── INPUT ──
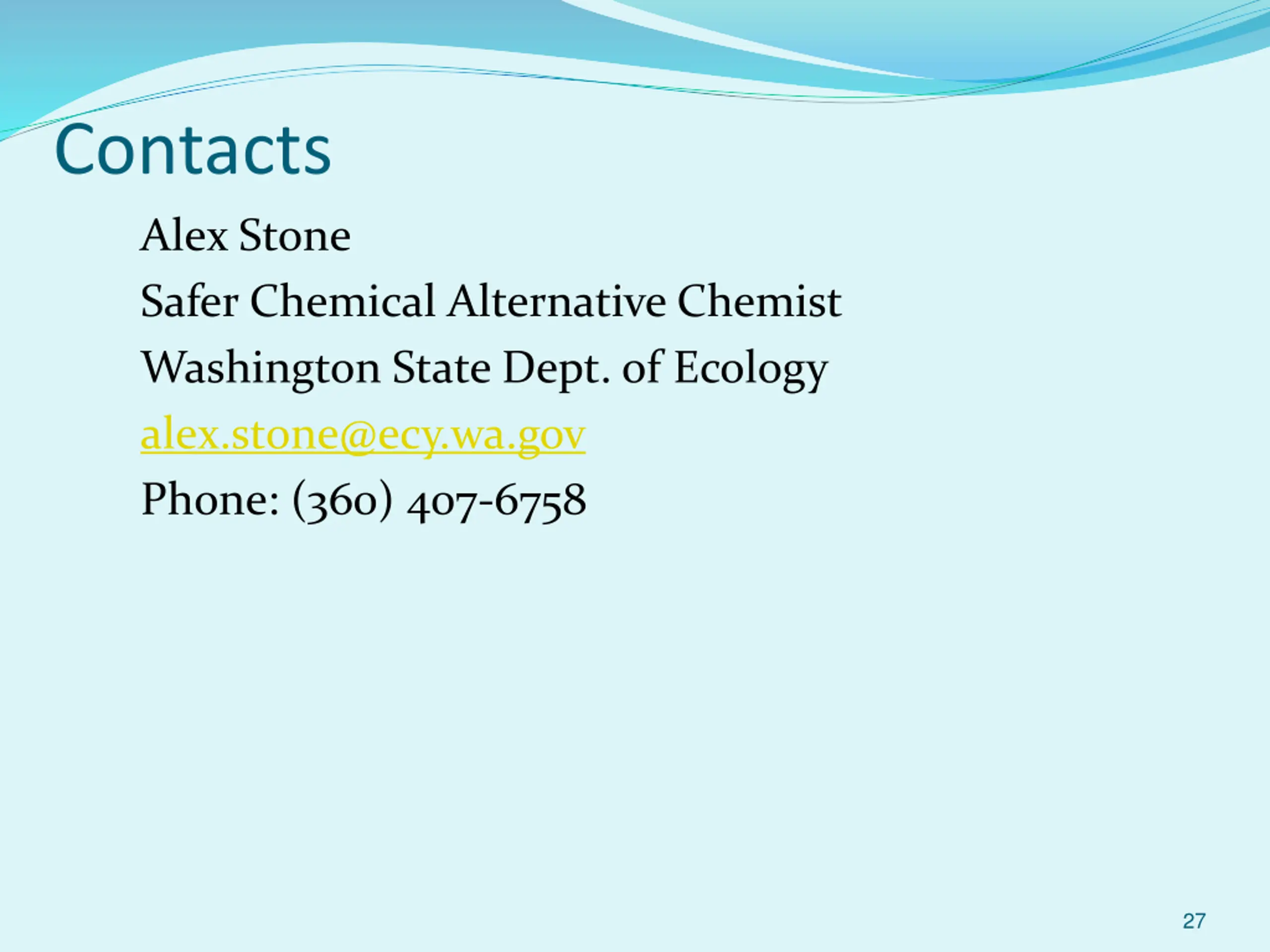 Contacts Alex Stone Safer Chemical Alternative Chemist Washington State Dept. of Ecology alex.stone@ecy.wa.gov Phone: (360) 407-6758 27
───
── INPUT ──
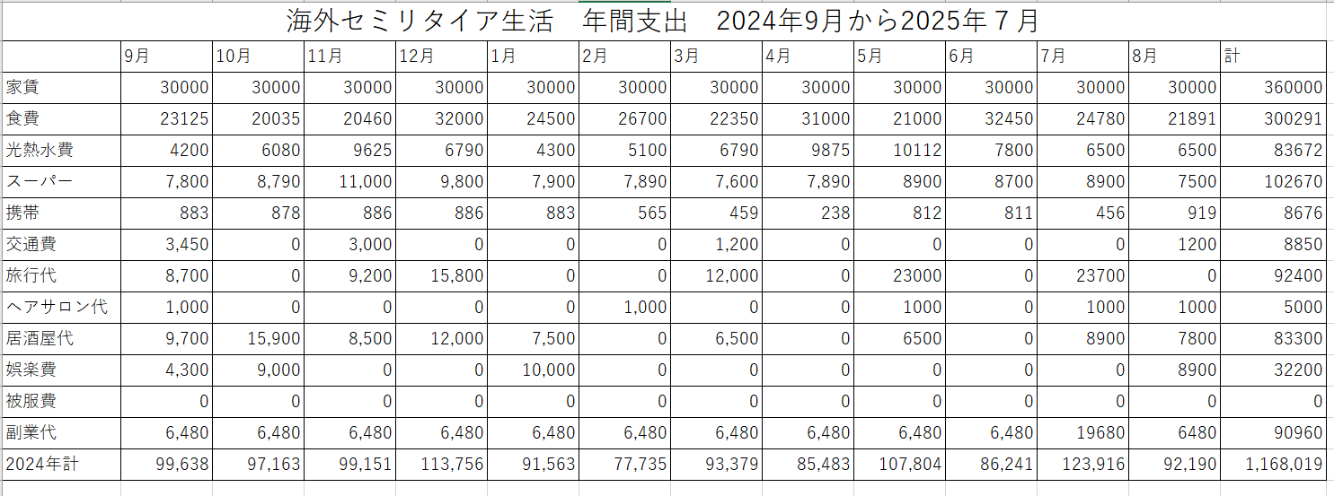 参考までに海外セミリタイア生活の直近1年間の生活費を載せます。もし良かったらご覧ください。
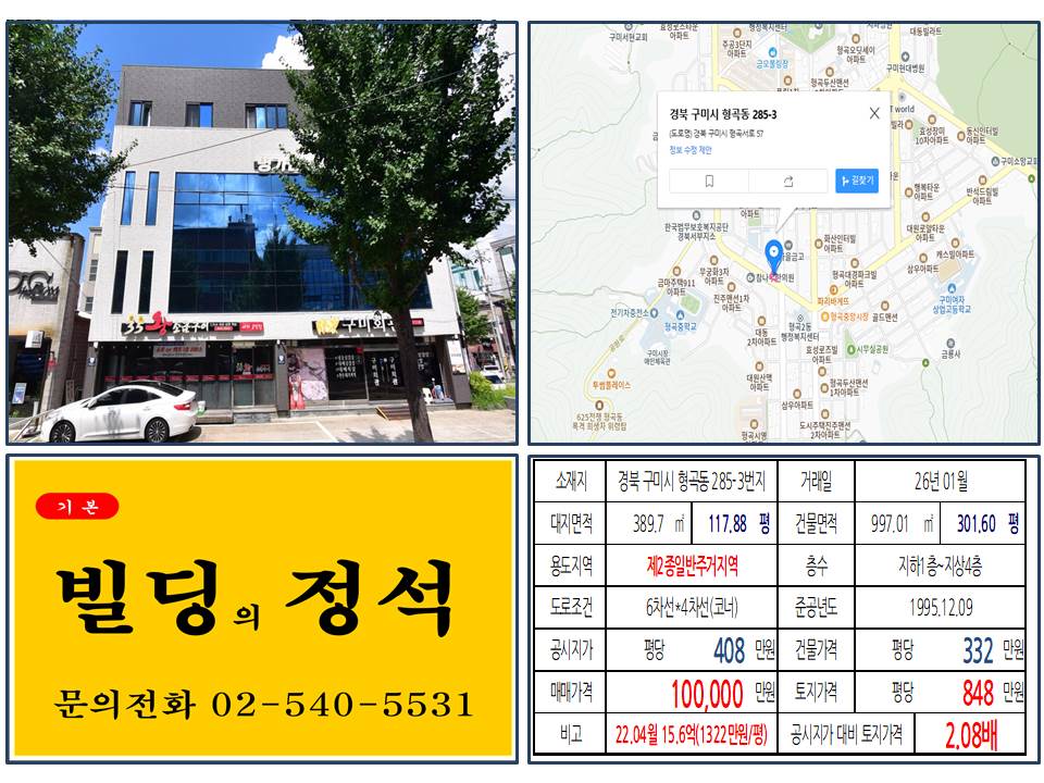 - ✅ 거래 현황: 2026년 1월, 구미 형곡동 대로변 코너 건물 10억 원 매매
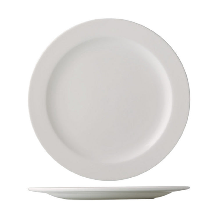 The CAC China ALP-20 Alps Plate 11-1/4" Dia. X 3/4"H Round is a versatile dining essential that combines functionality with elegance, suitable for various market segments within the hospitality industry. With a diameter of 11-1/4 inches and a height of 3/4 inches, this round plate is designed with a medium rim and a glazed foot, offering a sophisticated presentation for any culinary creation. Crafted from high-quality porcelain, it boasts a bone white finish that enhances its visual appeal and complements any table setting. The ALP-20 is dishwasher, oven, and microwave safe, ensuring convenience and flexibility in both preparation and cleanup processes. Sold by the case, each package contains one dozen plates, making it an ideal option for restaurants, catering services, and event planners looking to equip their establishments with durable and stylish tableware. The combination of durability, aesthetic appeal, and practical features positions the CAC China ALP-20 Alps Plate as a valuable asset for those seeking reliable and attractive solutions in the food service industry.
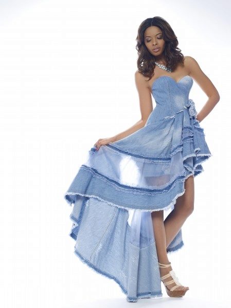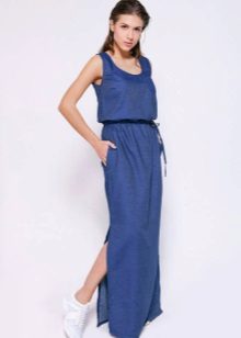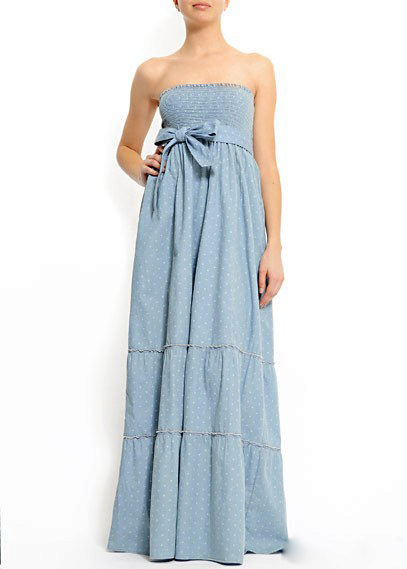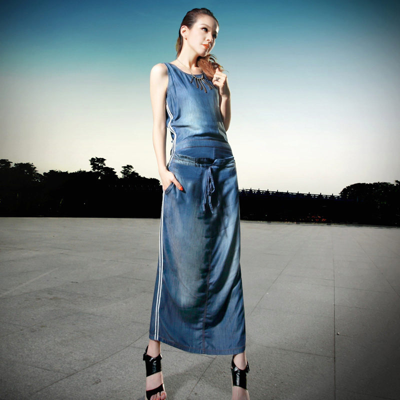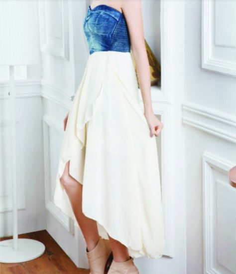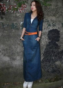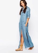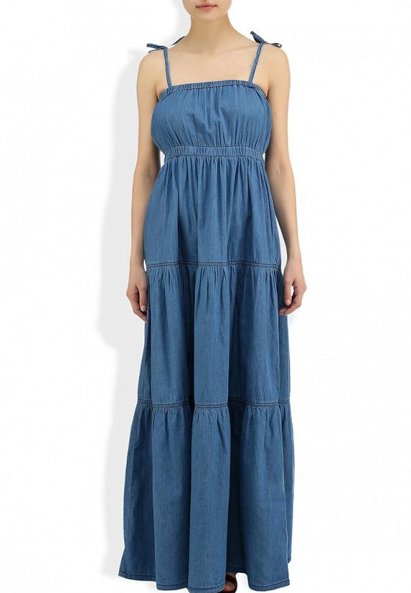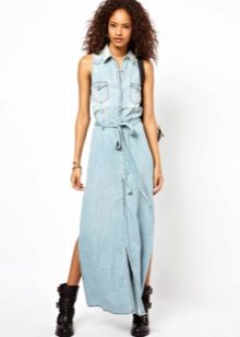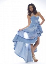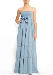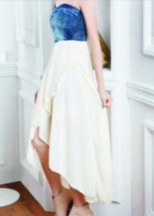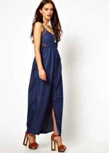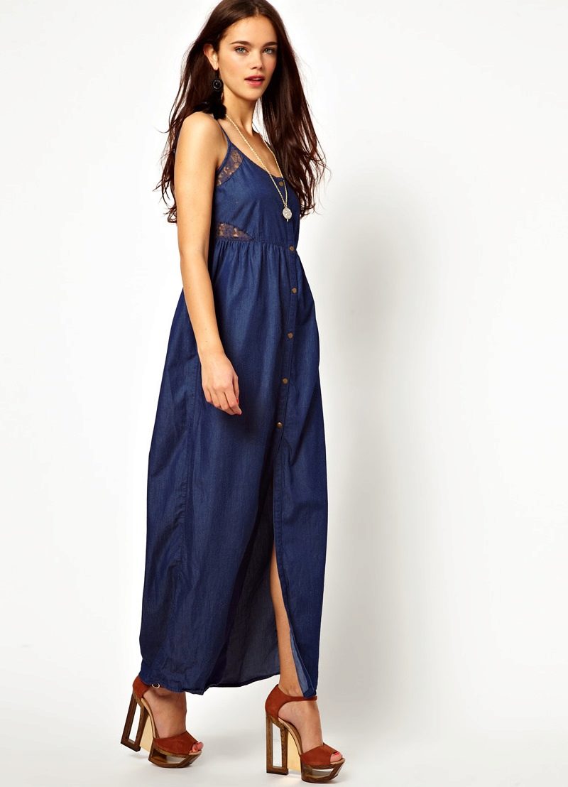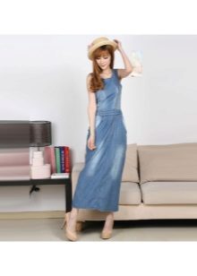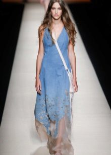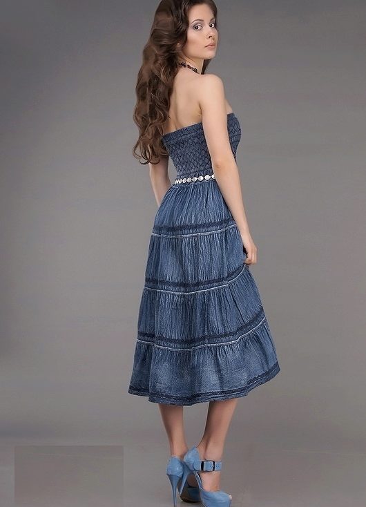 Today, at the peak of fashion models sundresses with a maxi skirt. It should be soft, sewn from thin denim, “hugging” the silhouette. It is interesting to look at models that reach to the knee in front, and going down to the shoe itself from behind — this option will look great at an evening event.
───
— GOAL OF THE EXERCISE —
Within the listing above, the lines from the one with "参考までに海外セミリタイア生" through the one with "- ✅ 거래 현황: 2026년" are to be given again word for word. Do not include pictures.

— TASK ANSWER —
 参考までに海外セミリタイア生活の直近1年間の生活費を載せます。もし良かったらご覧ください。
 - ✅ 거래 현황: 2026년 1월, 구미 형곡동 대로변 코너 건물 10억 원 매매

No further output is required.